Filebeats errors and 100% CPU with stand alone Kafka

When filebeats is configured to output to kafka, and kafka + zookeeper are running stand alone (single server), Filebeats starts spewing errors because it can't figure out which kafka is the leader, because the topic has no leader, because Zookeeper is running stand alone. Getting errors like:

2016-11-02T14:41:20+13:00 WARN client/metadata fetching metadata for [beats] from broker kq:9092
2016-11-02T14:41:20+13:00 WARN kafka message: client/metadata found some partitions to be leaderless
2016-11-02T14:41:20+13:00 WARN client/metadata fetching metadata for [beats] from broker kq:9092
2016-11-02T14:41:20+13:00 WARN kafka message: client/metadata found some partitions to be leaderless
2016-11-02T14:41:20+13:00 WARN client/metadata retrying after 250ms... (3 attempts remaining)
2016-11-02T14:41:20+13:00 WARN client/metadata fetching metadata for [beats] from broker kq:9092
2016-11-02T14:41:20+13:00 WARN kafka message: client/metadata found some partitions to be leaderless
2016-11-02T14:41:20+13:00 WARN client/metadata retrying after 250ms... (2 attempts remaining)

---->>>>>> repeating every 250ms

It also appears that maybe these are leaving connections, or something open, because if we then shutdown the single kafka node, filebeats goes to 100% CPU and sits there, with more errors, like:

2016-11-02T14:42:22+13:00 WARN client/metadata fetching metadata for [beats] from broker kq:9092
2016-11-02T14:42:22+13:00 WARN Failed to connect to broker kq:9092: dial tcp 127.0.0.1:9092: getsockopt: connection refused
2016-11-02T14:42:22+13:00
 WARN kafka message: client/metadata got error from broker while 
fetching metadata:%!(EXTRA *net.OpError=dial tcp 127.0.0.1:9092: 
getsockopt: connection refused)
2016-11-02T14:42:22+13:00 WARN kafka message: client/metadata no available broker to send metadata request to
2016-11-02T14:42:22+13:00 WARN client/brokers resurrecting 1 dead seed brokers
2016-11-02T14:42:22+13:00 WARN client/metadata retrying after 250ms... (2 attempts remaining

I think this is a bug, and it's probably around this bit of code:

Please provide comment.

What exactly is the bug? Have you tried to change the meta-data retry interval?

Changing: retry.backoff does affect the speed that it continues to retry, but
retry.max does not seem to be honoured. It is set at 3, the logs count down the number of retries from 3, 2, 1, then, immediately go back to 3 and repeat.

I think it repeats because, it can't find a leader, because the topic replication factor is 1, as using a stand alone kafka+zookeeper. I guess it's not been tested with a stand alone (single node) Kafka+Zookeeper?

Should it be able to work when a topic looks like this:
./kafka-topics.sh --zookeeper localhost --describe --topic test
Topic:test PartitionCount:1 ReplicationFactor:1 Configs:
Topic: test Partition: 0 Leader: 0 Replicas: 0 Isr:

So, bugs are:

  1. retry.max not not stop filebeat from repeatedly trying to query the meta data about a topic, when the leader value is 0.

  2. After it has been trying to collect meta data, like above and looping, if Kafka it shutdown, Filebeats goes to 100% CPU.

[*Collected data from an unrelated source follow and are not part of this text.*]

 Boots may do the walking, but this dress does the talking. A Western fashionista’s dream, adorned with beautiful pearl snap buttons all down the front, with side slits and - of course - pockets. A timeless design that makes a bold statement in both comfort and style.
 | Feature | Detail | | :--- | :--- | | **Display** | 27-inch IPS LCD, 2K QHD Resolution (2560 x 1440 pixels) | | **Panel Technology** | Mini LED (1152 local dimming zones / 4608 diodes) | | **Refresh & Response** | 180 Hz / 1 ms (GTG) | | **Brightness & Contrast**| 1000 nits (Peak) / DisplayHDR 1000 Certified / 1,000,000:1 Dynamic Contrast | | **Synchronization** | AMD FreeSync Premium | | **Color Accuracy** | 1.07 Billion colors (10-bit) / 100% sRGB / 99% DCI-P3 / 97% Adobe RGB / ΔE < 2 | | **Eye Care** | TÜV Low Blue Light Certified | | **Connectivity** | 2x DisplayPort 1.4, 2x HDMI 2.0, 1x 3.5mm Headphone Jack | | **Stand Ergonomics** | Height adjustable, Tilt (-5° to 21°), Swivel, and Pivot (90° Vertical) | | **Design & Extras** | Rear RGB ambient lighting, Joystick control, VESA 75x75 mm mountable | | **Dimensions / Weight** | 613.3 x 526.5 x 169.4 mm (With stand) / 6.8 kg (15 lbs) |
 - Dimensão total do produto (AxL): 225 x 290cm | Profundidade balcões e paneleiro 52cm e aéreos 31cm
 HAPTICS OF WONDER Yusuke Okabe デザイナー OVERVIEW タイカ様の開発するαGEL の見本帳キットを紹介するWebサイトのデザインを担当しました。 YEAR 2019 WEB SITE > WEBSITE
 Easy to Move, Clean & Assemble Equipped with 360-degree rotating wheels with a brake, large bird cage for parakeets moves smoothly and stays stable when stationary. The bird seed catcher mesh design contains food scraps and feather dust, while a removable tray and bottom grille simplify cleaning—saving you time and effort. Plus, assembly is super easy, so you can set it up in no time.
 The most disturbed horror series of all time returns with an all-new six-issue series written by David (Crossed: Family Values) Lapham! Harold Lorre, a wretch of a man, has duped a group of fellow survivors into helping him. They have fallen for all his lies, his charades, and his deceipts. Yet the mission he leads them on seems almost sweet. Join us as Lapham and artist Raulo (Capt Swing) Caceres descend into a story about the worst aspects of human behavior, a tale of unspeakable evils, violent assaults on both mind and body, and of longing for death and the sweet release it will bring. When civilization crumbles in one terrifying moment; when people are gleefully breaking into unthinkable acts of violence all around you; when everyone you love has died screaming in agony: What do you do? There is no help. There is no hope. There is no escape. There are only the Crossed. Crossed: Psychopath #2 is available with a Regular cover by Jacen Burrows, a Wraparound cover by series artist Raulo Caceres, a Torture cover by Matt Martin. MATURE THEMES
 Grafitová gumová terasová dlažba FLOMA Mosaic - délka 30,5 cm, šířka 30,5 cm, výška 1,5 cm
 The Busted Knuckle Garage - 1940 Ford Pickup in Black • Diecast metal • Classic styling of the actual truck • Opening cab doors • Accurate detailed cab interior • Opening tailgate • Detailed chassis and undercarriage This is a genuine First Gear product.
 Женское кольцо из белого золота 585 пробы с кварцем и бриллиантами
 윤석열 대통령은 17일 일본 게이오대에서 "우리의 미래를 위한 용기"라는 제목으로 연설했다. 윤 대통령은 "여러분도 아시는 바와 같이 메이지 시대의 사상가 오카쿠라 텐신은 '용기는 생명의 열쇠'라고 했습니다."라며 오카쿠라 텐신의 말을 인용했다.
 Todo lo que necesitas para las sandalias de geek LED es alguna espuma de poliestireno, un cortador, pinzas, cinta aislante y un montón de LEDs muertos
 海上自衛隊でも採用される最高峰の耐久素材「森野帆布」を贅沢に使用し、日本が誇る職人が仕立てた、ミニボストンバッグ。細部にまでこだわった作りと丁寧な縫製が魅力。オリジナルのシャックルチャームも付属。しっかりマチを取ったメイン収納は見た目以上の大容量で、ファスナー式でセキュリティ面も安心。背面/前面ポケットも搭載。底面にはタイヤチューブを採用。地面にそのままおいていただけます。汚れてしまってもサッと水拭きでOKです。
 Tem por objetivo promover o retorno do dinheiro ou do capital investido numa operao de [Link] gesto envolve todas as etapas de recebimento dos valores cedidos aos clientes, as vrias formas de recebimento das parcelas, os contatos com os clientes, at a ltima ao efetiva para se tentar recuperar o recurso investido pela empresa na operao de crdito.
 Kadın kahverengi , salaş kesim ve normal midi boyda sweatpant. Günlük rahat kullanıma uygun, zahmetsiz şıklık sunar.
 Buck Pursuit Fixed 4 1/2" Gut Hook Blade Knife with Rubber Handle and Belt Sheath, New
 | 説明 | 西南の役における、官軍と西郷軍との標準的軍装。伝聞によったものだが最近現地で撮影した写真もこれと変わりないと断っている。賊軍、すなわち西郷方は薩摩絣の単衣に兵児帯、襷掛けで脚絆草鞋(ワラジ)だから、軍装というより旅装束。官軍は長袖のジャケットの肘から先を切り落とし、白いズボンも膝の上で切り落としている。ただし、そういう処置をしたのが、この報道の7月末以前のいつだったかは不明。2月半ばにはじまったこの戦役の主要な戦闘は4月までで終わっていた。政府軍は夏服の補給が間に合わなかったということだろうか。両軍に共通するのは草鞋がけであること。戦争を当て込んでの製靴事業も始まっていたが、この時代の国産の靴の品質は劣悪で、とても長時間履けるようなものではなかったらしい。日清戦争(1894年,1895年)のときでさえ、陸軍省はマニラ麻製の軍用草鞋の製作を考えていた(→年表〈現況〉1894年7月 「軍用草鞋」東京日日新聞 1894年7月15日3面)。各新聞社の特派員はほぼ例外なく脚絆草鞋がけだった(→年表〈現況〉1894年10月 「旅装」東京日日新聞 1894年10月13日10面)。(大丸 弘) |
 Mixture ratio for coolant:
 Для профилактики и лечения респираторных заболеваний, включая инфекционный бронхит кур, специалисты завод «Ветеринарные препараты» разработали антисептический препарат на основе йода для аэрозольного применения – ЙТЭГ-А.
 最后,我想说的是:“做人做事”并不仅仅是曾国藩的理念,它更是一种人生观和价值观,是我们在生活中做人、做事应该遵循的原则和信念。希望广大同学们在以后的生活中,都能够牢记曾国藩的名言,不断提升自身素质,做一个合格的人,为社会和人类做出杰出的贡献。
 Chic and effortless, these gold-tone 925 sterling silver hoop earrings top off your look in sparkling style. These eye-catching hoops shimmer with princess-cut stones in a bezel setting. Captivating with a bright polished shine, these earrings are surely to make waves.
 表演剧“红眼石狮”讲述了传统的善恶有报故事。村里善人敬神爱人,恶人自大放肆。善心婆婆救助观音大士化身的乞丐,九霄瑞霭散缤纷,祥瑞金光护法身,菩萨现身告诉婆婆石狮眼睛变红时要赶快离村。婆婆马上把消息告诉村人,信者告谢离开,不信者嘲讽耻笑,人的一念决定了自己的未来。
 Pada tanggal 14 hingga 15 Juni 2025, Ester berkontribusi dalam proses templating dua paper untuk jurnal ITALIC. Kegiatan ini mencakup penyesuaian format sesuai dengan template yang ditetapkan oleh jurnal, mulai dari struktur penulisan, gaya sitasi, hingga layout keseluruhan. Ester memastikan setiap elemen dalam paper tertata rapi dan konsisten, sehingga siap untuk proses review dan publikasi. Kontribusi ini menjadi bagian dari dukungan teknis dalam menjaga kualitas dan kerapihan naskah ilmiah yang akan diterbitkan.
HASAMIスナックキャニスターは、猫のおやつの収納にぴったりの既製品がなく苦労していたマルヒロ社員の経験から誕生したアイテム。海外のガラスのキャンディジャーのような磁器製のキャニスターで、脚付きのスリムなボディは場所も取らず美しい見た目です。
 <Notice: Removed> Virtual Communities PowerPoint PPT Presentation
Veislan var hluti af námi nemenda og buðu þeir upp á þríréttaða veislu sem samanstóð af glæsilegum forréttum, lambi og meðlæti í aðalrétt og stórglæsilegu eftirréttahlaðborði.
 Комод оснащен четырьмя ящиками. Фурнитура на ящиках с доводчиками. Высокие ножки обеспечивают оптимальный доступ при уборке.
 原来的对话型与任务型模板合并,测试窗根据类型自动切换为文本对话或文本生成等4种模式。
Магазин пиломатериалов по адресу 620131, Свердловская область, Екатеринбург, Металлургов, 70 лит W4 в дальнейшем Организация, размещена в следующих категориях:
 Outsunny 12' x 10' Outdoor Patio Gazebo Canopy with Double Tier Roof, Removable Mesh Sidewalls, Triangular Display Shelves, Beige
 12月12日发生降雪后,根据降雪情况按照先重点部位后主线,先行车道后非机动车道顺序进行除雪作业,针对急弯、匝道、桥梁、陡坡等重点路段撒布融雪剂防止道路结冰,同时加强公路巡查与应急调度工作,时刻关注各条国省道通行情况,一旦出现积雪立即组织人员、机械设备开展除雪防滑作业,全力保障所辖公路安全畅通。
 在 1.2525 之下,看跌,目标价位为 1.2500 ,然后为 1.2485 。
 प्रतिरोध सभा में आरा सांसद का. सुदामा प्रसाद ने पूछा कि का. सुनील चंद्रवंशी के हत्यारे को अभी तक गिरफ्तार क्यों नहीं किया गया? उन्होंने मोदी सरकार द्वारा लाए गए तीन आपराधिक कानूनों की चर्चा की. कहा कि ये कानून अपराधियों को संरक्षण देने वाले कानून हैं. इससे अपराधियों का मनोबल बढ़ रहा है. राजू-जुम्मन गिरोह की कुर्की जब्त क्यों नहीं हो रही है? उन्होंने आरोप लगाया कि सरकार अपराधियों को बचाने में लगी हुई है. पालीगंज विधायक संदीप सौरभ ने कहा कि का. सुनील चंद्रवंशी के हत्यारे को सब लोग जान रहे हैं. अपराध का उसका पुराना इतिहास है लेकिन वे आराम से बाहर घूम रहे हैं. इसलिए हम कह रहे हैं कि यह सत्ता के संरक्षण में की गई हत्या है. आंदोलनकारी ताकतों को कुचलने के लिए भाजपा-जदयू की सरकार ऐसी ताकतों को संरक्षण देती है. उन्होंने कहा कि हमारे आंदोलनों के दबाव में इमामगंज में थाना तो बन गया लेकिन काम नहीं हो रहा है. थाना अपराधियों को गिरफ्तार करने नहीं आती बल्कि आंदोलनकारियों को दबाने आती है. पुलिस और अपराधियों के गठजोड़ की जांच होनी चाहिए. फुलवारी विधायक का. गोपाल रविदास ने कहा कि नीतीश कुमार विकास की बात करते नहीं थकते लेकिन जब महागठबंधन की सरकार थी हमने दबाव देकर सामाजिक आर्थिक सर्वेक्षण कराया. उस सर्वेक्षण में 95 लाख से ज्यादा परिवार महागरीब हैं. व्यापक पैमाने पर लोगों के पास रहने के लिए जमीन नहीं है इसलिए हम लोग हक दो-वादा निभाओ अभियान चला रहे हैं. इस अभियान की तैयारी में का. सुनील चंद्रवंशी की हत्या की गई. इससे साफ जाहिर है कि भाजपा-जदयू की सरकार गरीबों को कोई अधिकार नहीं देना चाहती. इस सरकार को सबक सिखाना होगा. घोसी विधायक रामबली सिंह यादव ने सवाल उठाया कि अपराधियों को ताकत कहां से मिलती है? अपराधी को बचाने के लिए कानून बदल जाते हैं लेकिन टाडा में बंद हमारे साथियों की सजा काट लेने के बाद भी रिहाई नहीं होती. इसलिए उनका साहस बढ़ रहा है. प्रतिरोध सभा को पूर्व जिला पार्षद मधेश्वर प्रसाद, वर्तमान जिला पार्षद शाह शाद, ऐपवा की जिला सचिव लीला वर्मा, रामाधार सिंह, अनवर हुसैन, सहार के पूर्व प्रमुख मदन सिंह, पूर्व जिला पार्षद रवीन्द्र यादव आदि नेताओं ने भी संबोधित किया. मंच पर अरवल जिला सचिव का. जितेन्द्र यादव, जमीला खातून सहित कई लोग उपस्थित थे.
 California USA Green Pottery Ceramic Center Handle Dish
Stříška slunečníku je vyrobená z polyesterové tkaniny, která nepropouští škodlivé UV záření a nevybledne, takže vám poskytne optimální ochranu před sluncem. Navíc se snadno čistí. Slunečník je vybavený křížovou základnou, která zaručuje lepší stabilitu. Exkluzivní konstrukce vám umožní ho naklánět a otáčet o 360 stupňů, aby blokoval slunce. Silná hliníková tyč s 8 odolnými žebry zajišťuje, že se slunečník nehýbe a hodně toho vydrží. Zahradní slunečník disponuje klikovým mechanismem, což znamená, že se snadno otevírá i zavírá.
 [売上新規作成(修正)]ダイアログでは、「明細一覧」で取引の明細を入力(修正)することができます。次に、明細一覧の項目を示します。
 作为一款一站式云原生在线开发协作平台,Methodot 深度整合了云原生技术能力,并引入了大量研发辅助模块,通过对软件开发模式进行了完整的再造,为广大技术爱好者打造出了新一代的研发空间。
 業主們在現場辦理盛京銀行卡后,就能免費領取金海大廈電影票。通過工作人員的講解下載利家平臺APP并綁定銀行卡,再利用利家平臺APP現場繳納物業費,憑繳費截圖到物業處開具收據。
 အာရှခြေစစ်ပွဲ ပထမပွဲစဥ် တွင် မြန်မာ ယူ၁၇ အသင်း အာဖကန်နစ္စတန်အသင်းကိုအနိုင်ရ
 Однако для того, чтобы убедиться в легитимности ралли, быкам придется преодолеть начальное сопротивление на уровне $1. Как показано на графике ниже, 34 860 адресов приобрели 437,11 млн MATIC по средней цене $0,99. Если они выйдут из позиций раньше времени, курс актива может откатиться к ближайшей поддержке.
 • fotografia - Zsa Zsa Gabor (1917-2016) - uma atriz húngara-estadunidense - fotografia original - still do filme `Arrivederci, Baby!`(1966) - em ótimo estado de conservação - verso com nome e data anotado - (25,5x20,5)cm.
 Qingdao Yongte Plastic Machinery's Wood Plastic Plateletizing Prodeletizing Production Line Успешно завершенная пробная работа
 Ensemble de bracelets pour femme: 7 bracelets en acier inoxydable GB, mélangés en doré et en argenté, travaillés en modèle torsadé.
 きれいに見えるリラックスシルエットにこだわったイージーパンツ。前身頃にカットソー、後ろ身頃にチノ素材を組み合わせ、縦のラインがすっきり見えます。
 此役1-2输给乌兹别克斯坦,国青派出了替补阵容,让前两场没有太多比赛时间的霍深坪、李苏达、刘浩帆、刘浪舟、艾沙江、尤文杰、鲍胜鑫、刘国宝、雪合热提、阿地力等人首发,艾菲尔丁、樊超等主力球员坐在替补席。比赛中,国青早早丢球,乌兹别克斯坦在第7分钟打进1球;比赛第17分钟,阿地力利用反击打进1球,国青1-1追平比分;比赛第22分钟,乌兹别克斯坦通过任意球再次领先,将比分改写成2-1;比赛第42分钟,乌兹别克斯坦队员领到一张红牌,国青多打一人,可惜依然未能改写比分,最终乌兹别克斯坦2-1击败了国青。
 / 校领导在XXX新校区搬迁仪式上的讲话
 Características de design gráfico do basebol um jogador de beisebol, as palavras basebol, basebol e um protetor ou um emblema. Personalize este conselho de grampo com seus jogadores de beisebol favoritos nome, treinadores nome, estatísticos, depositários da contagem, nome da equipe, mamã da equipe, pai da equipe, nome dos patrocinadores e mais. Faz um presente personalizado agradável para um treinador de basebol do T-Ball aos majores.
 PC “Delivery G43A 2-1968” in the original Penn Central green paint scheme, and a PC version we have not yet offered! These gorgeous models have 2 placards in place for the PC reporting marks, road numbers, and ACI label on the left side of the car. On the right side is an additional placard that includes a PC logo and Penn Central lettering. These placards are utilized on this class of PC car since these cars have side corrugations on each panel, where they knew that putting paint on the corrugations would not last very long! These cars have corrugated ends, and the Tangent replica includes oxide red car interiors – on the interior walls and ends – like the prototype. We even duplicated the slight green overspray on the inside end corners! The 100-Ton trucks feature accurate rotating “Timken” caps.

Do you have some logs about retry.max going down and being reset to 3? I wonder if this due to the kafka client library used by libbeat or beats itself.

Even if topic is not available, it might be created at some point in time. That is, beats have to retry even if topic does not exit yet.

Which backoff value did you set? This goes hand in hand with my first question about logs. Maybe we can introduce a short retry backoff for up to max retries and if these fail have a very looongish backoff.

The case of kafka shutting down is and filebeat going to 100% still happens with big backoff value? From past experience I remember kafka itself + java based consumer going crazy when zookeeper becomes unavailable.

Definitely something to investigate. Feel free to open a github issue with all information you have, so this can be tracked as a bug.

I had the defaults set for filebeats Kafka output, so
metadata:
retry.max: 3
retry.backoff: 250ms
refresh_frequency: 10m

The retry.max did count down, but then looped and started counting down again from 3. It did it at the retry.backoff interval. Increasing retry.backoff slowed the loop, but it still kept looping.

What I think it should do, is realise that the leader value is going to be 0, because replicas are 0, so to stop trying, or try at the refresh_frequency.

Issue: https://github.com/elastic/beats/issues/2945 opened

This topic was automatically closed after 21 days. New replies are no longer allowed.